Худеющие люди в большинстве своем застенчивы и стесняются попросить помощи. В этом заключается самая первая и, пожалуй, главная ошибка во время посещения спортивной секции. Нужно развивать уверенность в себе. Придя в тренажерный центр, вы уже сделали первый шаг, и останавливаться нельзя. Стоит воспользоваться вводным уроком и заручиться поддержкой профессионального тренера.
С его помощью вы овладеете основными методиками выполнения упражнений, познакомитесь с тренажерами, начнете разбираться в технике безопасности и защитите себя от риска травматизма. Ведь даже банальные прыжки при несоблюдении техники могут закончиться вывихнутыми лодыжками и серьезными травмами голеностопа.

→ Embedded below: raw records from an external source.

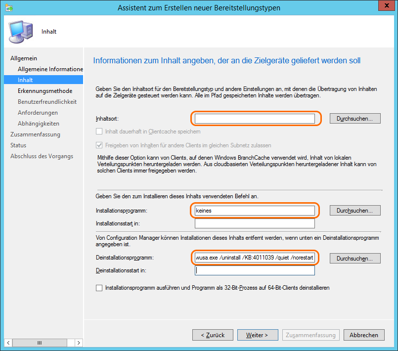 Bei den Einstellungen kann man den Inhaltsort leer lassen. Das Installationsprogramm darf nicht leer sein, da man aber keines benötigt, kann man irgendetwas hineinschreiben. Beim Deinstallationsprogramm wählt man den entsprechenden weiter oben stehenden Befehl.
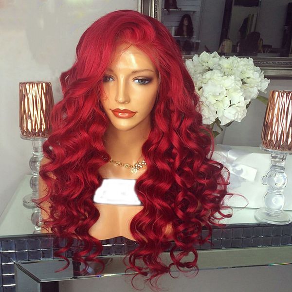 Red 13x6 Lace Front Human Hair Wigs Preplucked Burgundy 360 Full
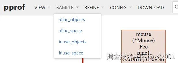还是和CPU排查的流程一样,使用top、list、web来排查解决问题,但此时可以看到,采样的类型为inuse_space,那是否还有其他采样类型呢?
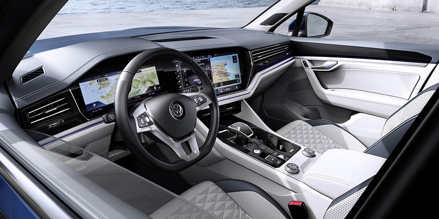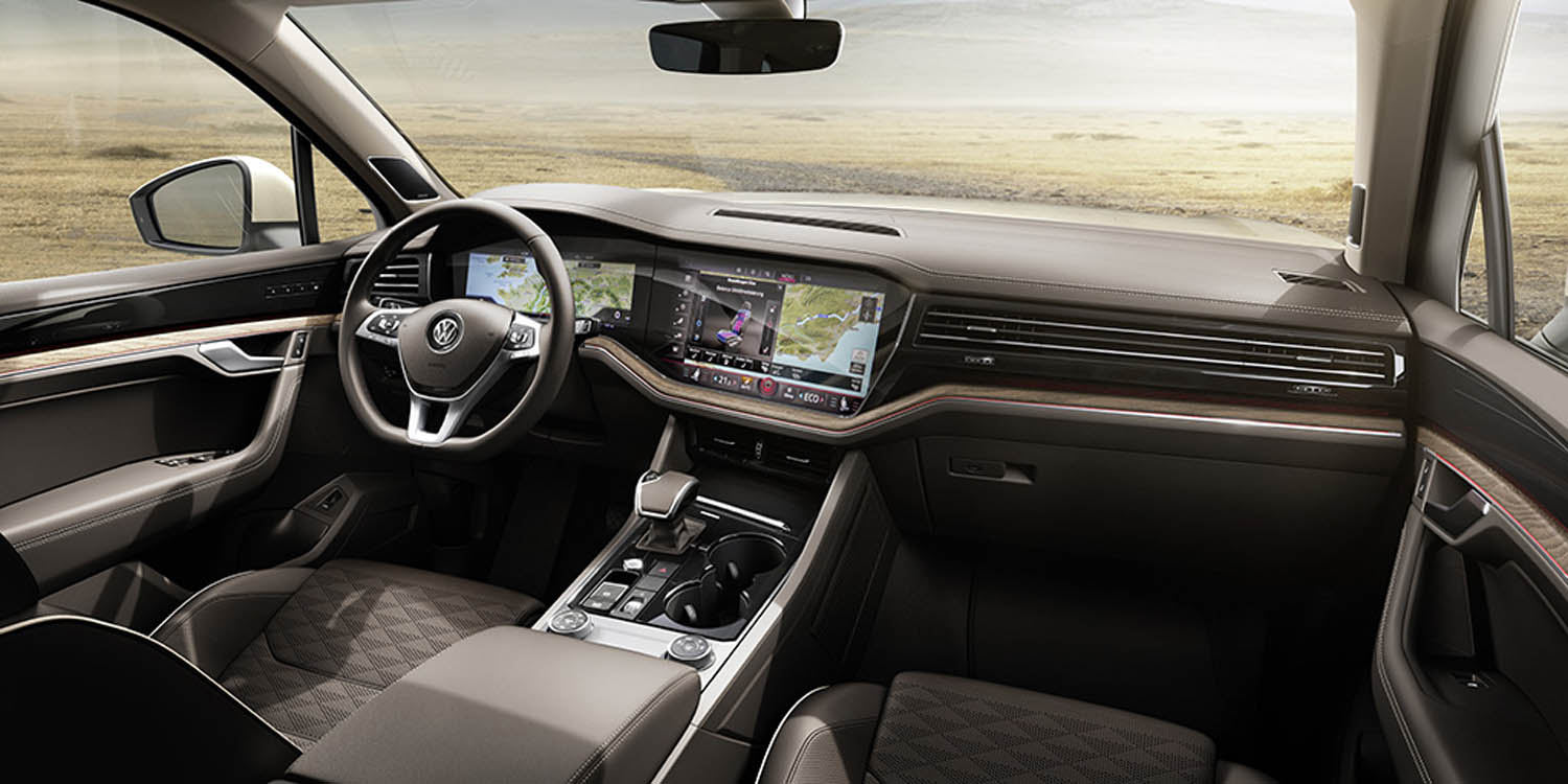Volkswagen is presenting the fully digitalised Innovision Cockpit for the first time in the new Touareg. Here the digital instruments (Digital Cockpit with 12-inch display) and the top Discover Premium infotainment system (with 15-inch display) merge to form a digital operating, information, communication and entertainment unit that hardly needs any conventional buttons or switches. Always-on, offering intuitive control and maximum personalisation – with the Innovision Cockpit, the Volkswagen Touareg provides the blueprint for tomorrow’s digital interior today.

Ещё одной распространенной ошибкой является копирование упражнений тех, кто постоянно ходит в тренажерную секцию. Новичок должен развиваться рационально, начиная с простых базовых упражнений. И подбирать их лучше в индивидуальном порядке. Нельзя приходить в спортзал и начинать хаотично заниматься. Должен быть четкий план, которому вы следуете неукоснительно. Можно выделить несколько ключевых аспектов при формировании тренировки:
- любое занятие начинается с разминки;
- при необходимости выполнить силовые упражнения начинать стоит с них, сохраняя максимальную концентрацию;
- переход к составным упражнениям, например, приседания, становая тяга, жим и прочее;
- проработка отдельных групп мышц;
- упражнения на выносливость;
- заминка.
Не лучшей идеей является постоянная смена программы. Если она составлена профессионалом, то стоит придерживаться ее от начала до конца. В противном случае желаемый результат будет недостижим. Хорошо сбалансированная тренировка быстро не наскучит, а спустя 1-2 месяца ее можно скорректировать.
Не начинайте со сложных упражнений. Нужно наращивать нагрузку постепенно. Но и останавливаться на достигнутом не стоит. Если выполнение всей тренировки не вызывает у вас сложностей и программа дается легко, есть смысл добавить более сложные элементы, чтобы продолжать совершенствовать тело.
Новички ждут моментальных результатов. И, при наличии большого количества лишнего веса, отвесы первых недель действительно впечатляют. Но, спустя время, процент сбрасываемой массы постепенно снижается, из-за чего худеющие впадают в депрессию. Это неправильный подход к тренировкам. Нужно помнить, что правильное, а главное, здоровое похудение – это медленное и постепенное преобразование фигуры.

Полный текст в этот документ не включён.